June 4, 2008 8:51 PM | Reply | Permalink
Excellent quote. How can these people be so wrong for so long and still have praise heaped upon them by their peers?
June 4, 2008 8:55 PM | Reply | Permalink
Partisan politics is so much the rule now that Republicans will never concede that the Bush administration was anything but somewhat unsuccessful. I have yet to hear a Republican acknowledge the depth of criminality, of ignorance, of veniality of this administration and all of its merry men.
June 5, 2008 12:24 AM | Reply | Permalink
And they never will, hoppy.
June 5, 2008 10:19 AM | Reply | Permalink
I have this dream that as the Bush administration fades into history with their institutional powers gone, and as the country gradually recovers its sanity, and as more and more incriminating memoirs come out, then the whole gamut of Bush domestic and international crimes - illegal wars, illegal detentions, illegal use of prosecutorial power, illegal disclosure of the identities of intelligence agents, domestic disinformation campaigns, unconstitutional usurpations of legislative branch powers, state-sponsored torture, etc. - will begin to be seen for what they are by all and sundry. Bush may end up being hunted down like Pinochet, and finally brought before the bar of international justice, and even US justice. I have hopes that then the vast majority of Republicans, if not all, will have recovered from their temporary dalliance with authoritarianism, and will look back and say, "Wow, that guy was really bad news."

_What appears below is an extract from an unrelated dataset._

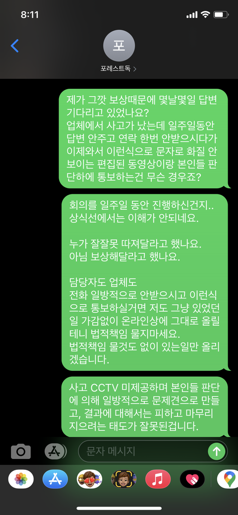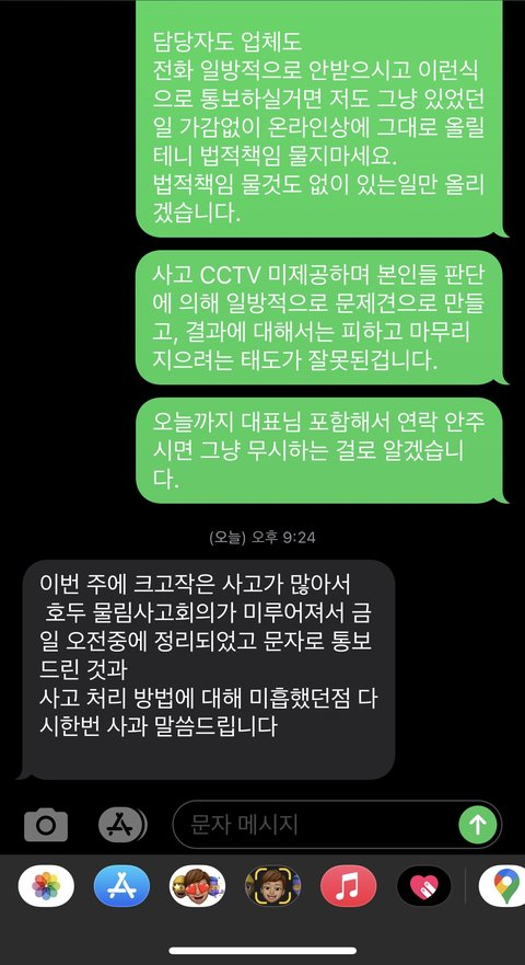 제가 인터넷에 올리겠다 답장을 보내자 전화가 왔고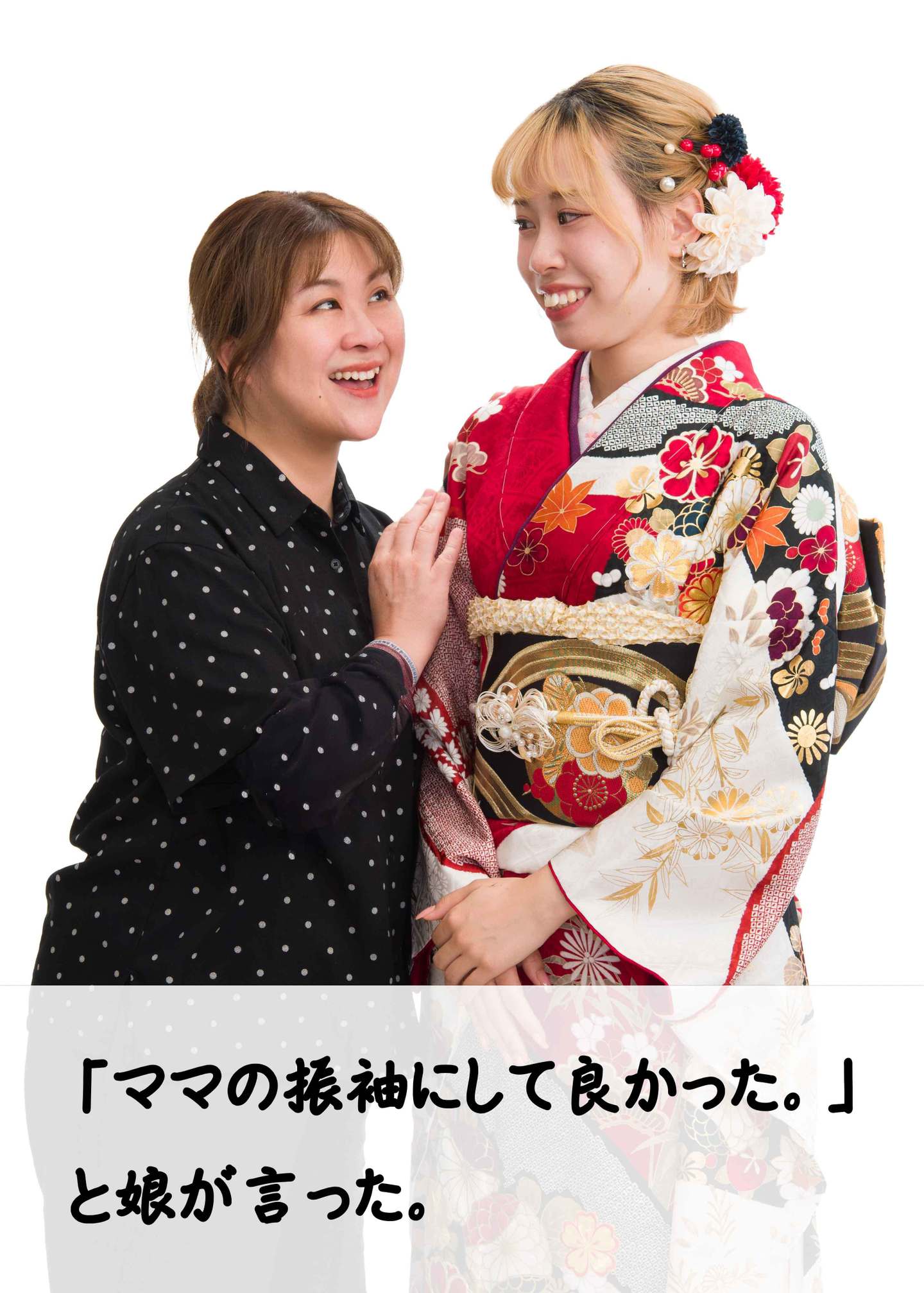 小物の魔法で、お母様の振袖が「お嬢様の最新スタイル」に。

June 5, 2008 10:44 AM | Reply | Permalink
I, too, have some reservations about the value of post-war Europe as an analogy to our current situation ... [so] I want to talk about this whole question of specious analogizing, because I think that this administration ...
nice segue.
because cherny could have, perhaps should have rephrased accordingly: absent eurocentrism, i am nothing. absent triumphalism, i offer nothing. ibid. alter, tomasky et al.
the french thought they learned from algeria, until they learned otherwise at dien bien phu.
americans thought we learned from vietnam; when all we wanted was another chance, e.g., fallujah.
cherny, paraphrased: love our airlift, love our candy bombs. because 60 years from now, hearts and minds will follow. see tempelhof. ergo, love our occupation, love our cluster bombs. because 60 years from now, hearts and minds will follow. see iraq.
cue santayana.
however, iraq non obst., america did apparently learn something worthwhile from vietnam evidence a 2002 pew survey on global attitudes that reported:
71% of vietnamese now had a favorable opinion of the united states with 27% unfavorable
vs.
61% of germans who had the same with 35% unfavorable.
contra cherny, 78% of berliners couldn't be bothered to save the "airlift airport" while only 61% of marhall-planned candy-bombed heirs favored the united states, pre-iraq, which further declined to 41% in 2005.
how so?
did a marshall plan fall in a vietnamese forest when nobody was around?
did we airlift friendlies into hanoi to work their magic on hostile hearts and minds?
or,
did we (more or less) reconcile our defeat, move on without retaliation or imposition, let the vietnamese self-govern, allow need (trade, mine removal, mia reconcilation) to determine mutualisms that stimulated acculturation which led to normalization and today, increased cooperation on several fronts, including national security?
June 5, 2008 1:22 AM | Reply | Permalink
Anyone that thinks that the conservative ideology and those that adhere to it aren't surrounded by a bubble of "magical thinking" just hasn't been paying attention.
Less taxes means more money in treasury and less debt.
Invade a country, we'll be welcomed with flowers.
Ignore certain countries (NK comes to mind) and they'll fall into line.
Deregulate industry and they will just get better and safer.
So it only makes sense that they would apply this "magic" to their view of history. How could it be otherwise when that is how they live their lives?